[Task description] From the entries that follow, copy exactly the lines beginning at the line holding "建行APP首页搜:省钱卡" and continuing through the line holding "フレンチデリ4種盛り合わせの".

*** Material supplied ***

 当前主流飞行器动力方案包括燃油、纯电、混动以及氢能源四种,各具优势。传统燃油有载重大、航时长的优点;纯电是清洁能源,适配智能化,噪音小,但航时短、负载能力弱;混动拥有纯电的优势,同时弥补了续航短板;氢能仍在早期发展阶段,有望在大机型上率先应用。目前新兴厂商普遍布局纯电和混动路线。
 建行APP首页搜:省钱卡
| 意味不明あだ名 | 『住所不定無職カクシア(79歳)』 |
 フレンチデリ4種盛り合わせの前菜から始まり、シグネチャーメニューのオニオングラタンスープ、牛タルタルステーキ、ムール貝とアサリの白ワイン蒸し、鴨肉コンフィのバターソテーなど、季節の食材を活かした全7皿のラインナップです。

*** End of Material supplied ***
*** Material supplied ***

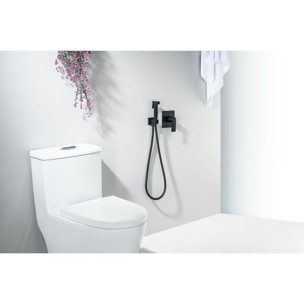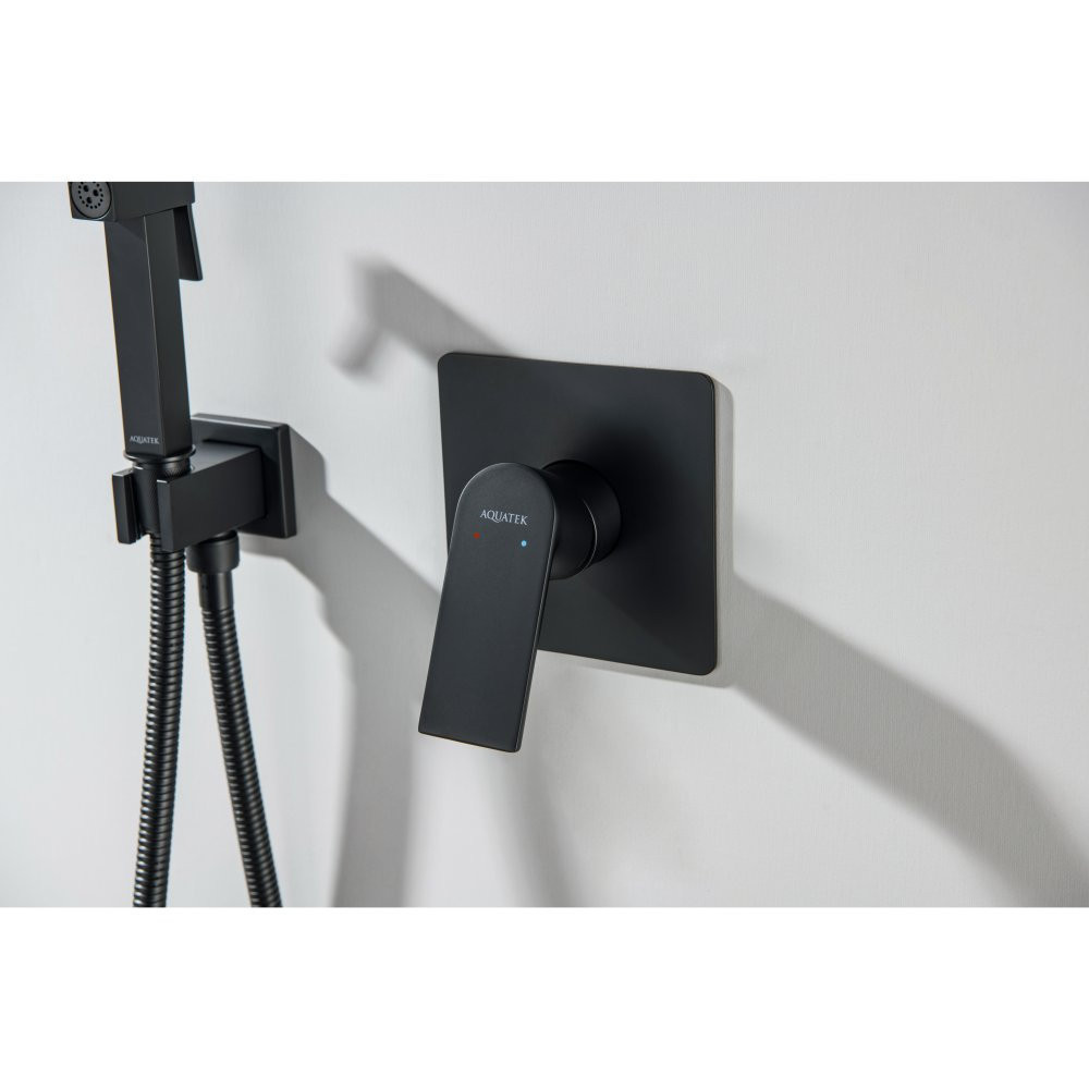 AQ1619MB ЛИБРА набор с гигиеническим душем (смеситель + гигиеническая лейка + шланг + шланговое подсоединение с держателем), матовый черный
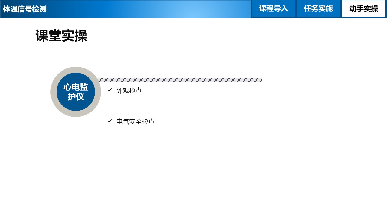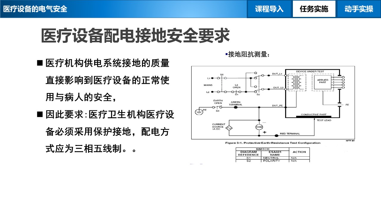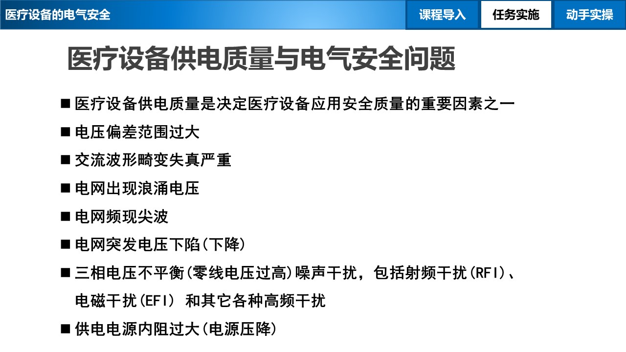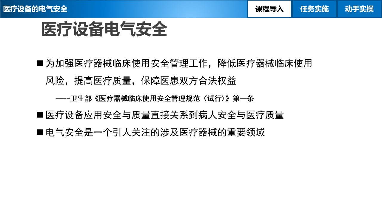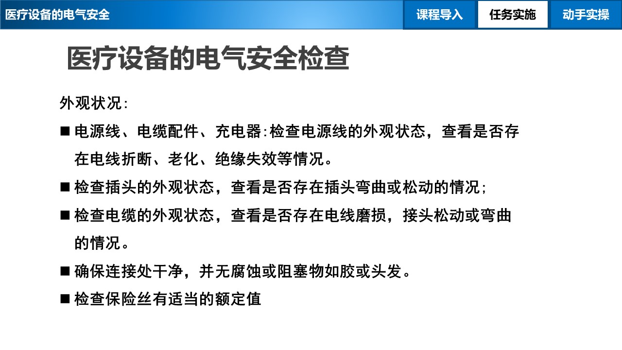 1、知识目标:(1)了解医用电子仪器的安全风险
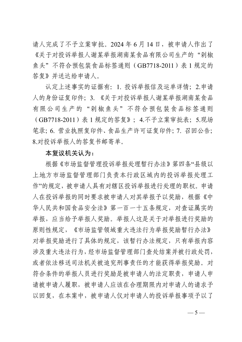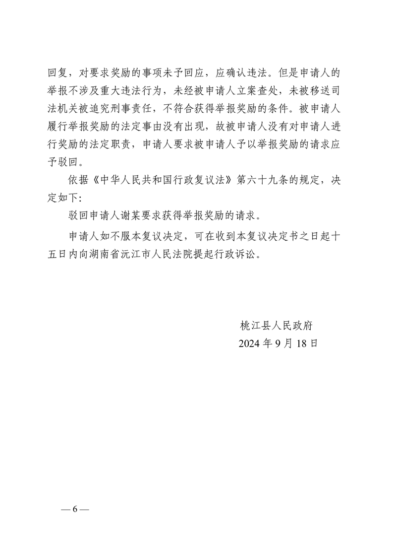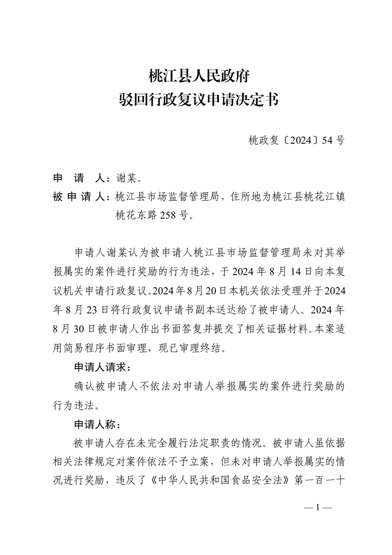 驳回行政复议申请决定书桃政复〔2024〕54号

*** End of Material supplied ***

[Exercise result]
 建行APP首页搜:省钱卡
| 意味不明あだ名 | 『住所不定無職カクシア(79歳)』 |
 フレンチデリ4種盛り合わせの前菜から始まり、シグネチャーメニューのオニオングラタンスープ、牛タルタルステーキ、ムール貝とアサリの白ワイン蒸し、鴨肉コンフィのバターソテーなど、季節の食材を活かした全7皿のラインナップです。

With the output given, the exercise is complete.